Exercise objective ▸
Nothing but the lines from the start of the entries below through the line containing "Most analysts expect" should appear in the answer, copied exactly and free of pictures.

——

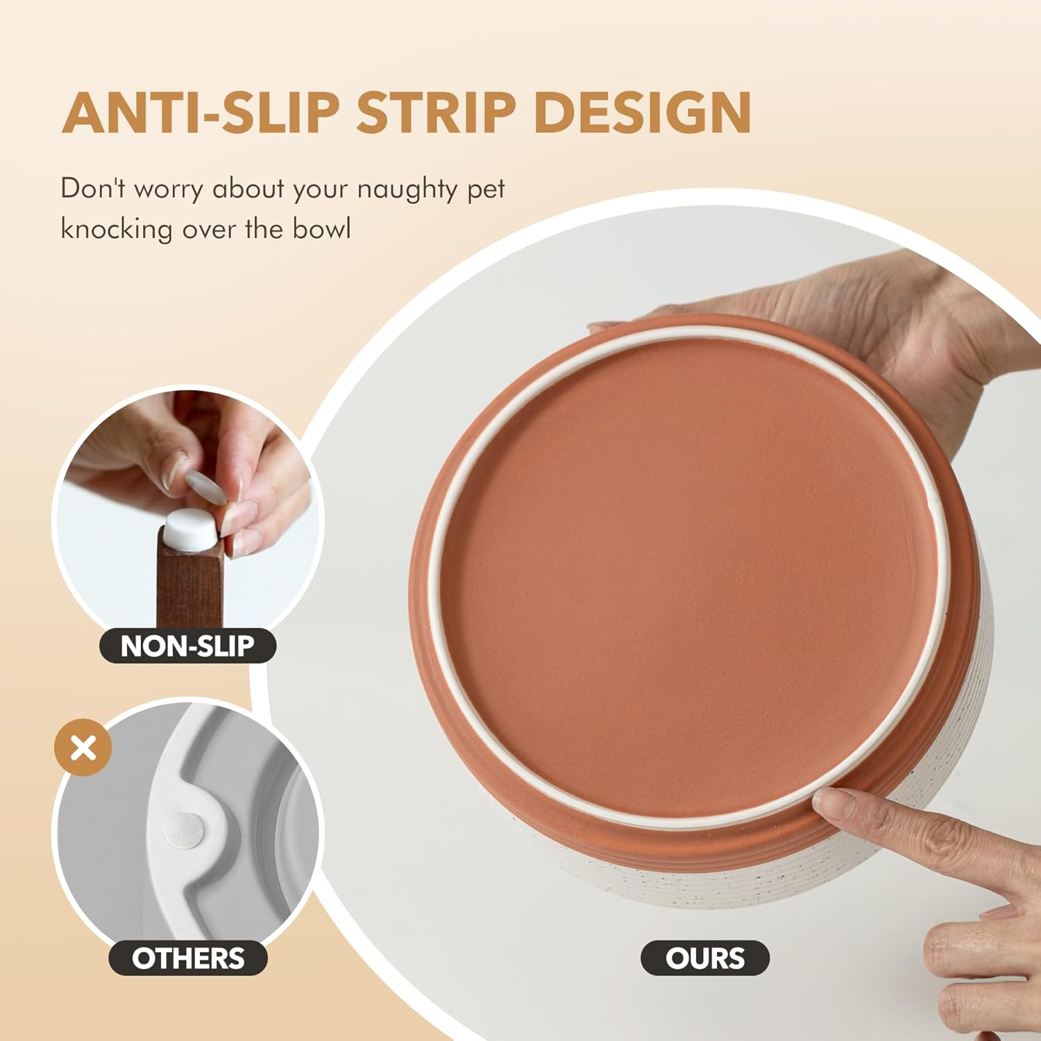 - Stable and Anti-Slip: Ceramic bowl is heavy and stable, and the anti-slip strip at the bowl's bottom can prevent bowl from sliding while your pet eating.
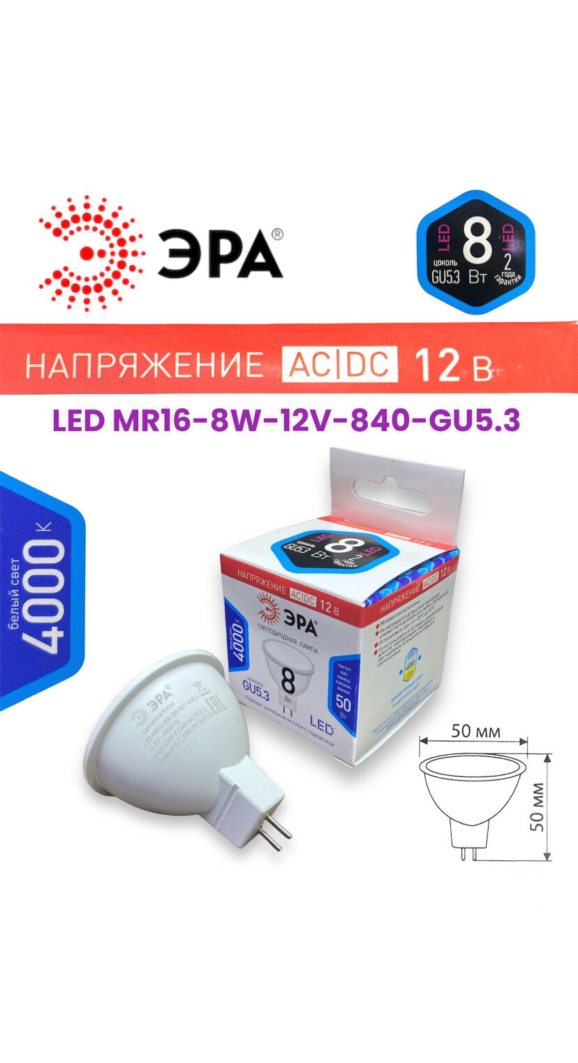 Эра Б0049094 Светодиодная лампа LED MR16-8W-12V-840-GU5.3 8 Вт софит нейтральный белый свет
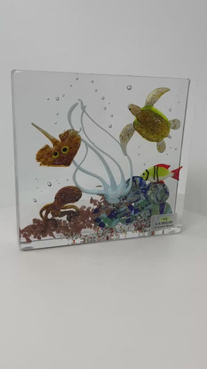 Add a touch of elegance to your home decor with this beautiful Aquarium. This is a true masterpiece of hand-formed Murano Glass artistry.  Each sea creature is made by hand in this detailed and difficult process!
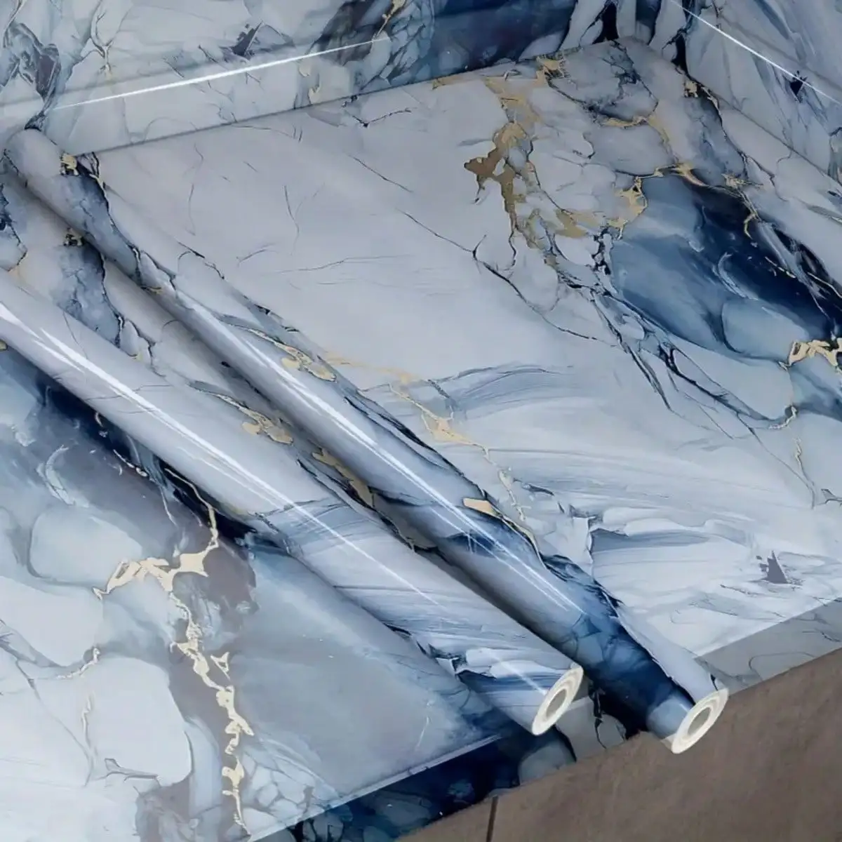 1 Roll New Blue Glacier Golden Self-Adhesive Wallpaper, Waterproof Moisture Oil-Resistant Decal Suitable For Kitchen Countertops $5.53
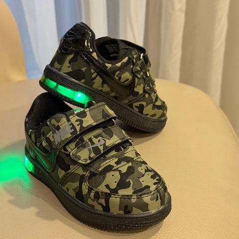 Nike joggesko for barn i størrelse 25. Skoene er unisex og har blå overdel med røde detaljer og hvit såle. Modellen har to borrelåsstropper som gjør det enkelt å ta skoene av og på.
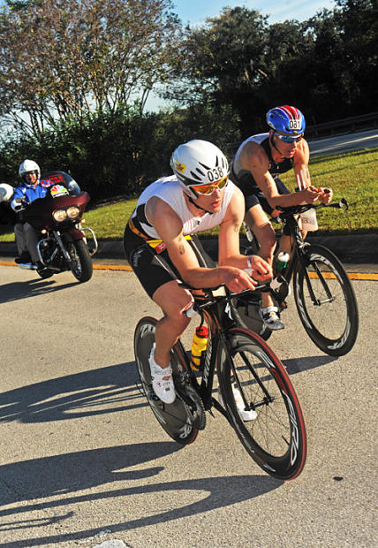 Andrew Starykowicz set a bike course record of 1:58:49, outpacing Joe Gambles by 8 seconds. But Gambles' 1:13:21 run brought him home 5th, while Starykowicz's 1:20:00 left him 24th.
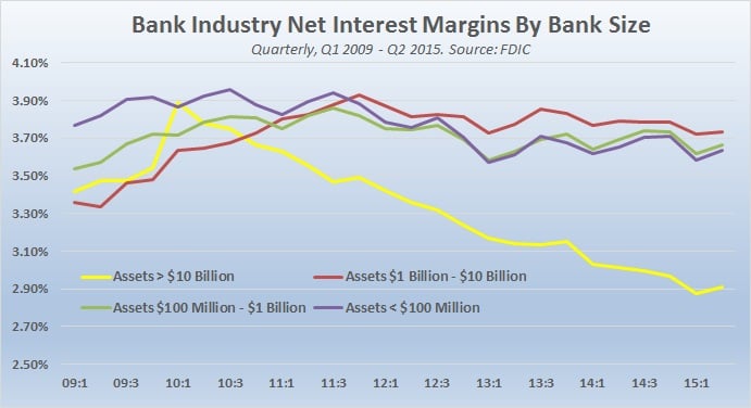 Most analysts expect the Fed to begin raising interest rates later this year, or early in 2016. Rising rates will, in most cases, boost net interest income, and net interest margins. While this should benefit banks across the industry, it's unclear if banks with more than $10 billion in assets will be able to fully make up the margins lost during the past six years.
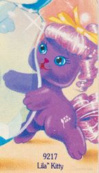 Lila is a scented purple kitten with purple hair that came in an aqua perfume bottle. She is part of the Perfume Pets set and her symbol directly relates to her scent - lilac. Lila was available by herself or in a gift set with Pinkums.
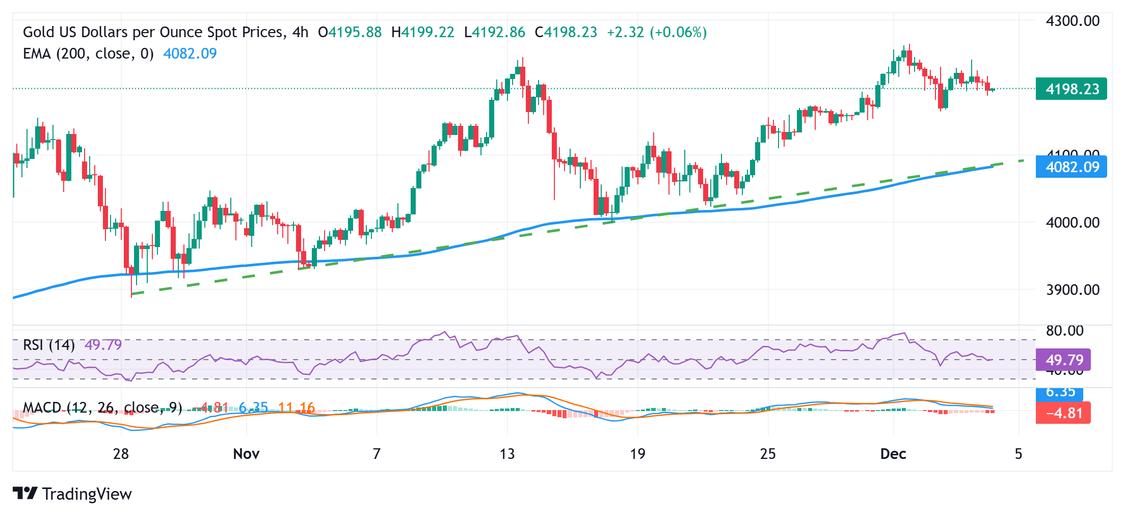 Altın, Aralık ayı para politikası toplantısının ötesinde ABD Merkez Bankası'nın faiz oranı görünümüne dair yeni ipuçları için daha fazla ABD istihdam verisini beklerken, 4.200 dolar civarında tanıdık bir aralıkta dalgalanarak yukarı yönlü konsolidasyon aşamasına girdi
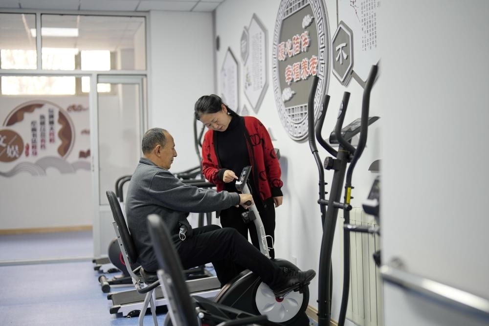 2023年4月16日,老年人在唐山市豐南區(qū)胥各莊鎮(zhèn)一處社區(qū)養(yǎng)老服務(wù)中心內(nèi)健身。新華社記者 牟宇 攝

——

Solution to this task ▸
 - Stable and Anti-Slip: Ceramic bowl is heavy and stable, and the anti-slip strip at the bowl's bottom can prevent bowl from sliding while your pet eating.
 Эра Б0049094 Светодиодная лампа LED MR16-8W-12V-840-GU5.3 8 Вт софит нейтральный белый свет
 Add a touch of elegance to your home decor with this beautiful Aquarium. This is a true masterpiece of hand-formed Murano Glass artistry.  Each sea creature is made by hand in this detailed and difficult process!
 1 Roll New Blue Glacier Golden Self-Adhesive Wallpaper, Waterproof Moisture Oil-Resistant Decal Suitable For Kitchen Countertops $5.53
 Nike joggesko for barn i størrelse 25. Skoene er unisex og har blå overdel med røde detaljer og hvit såle. Modellen har to borrelåsstropper som gjør det enkelt å ta skoene av og på.
 Andrew Starykowicz set a bike course record of 1:58:49, outpacing Joe Gambles by 8 seconds. But Gambles' 1:13:21 run brought him home 5th, while Starykowicz's 1:20:00 left him 24th.
 Most analysts expect the Fed to begin raising interest rates later this year, or early in 2016. Rising rates will, in most cases, boost net interest income, and net interest margins. While this should benefit banks across the industry, it's unclear if banks with more than $10 billion in assets will be able to fully make up the margins lost during the past six years.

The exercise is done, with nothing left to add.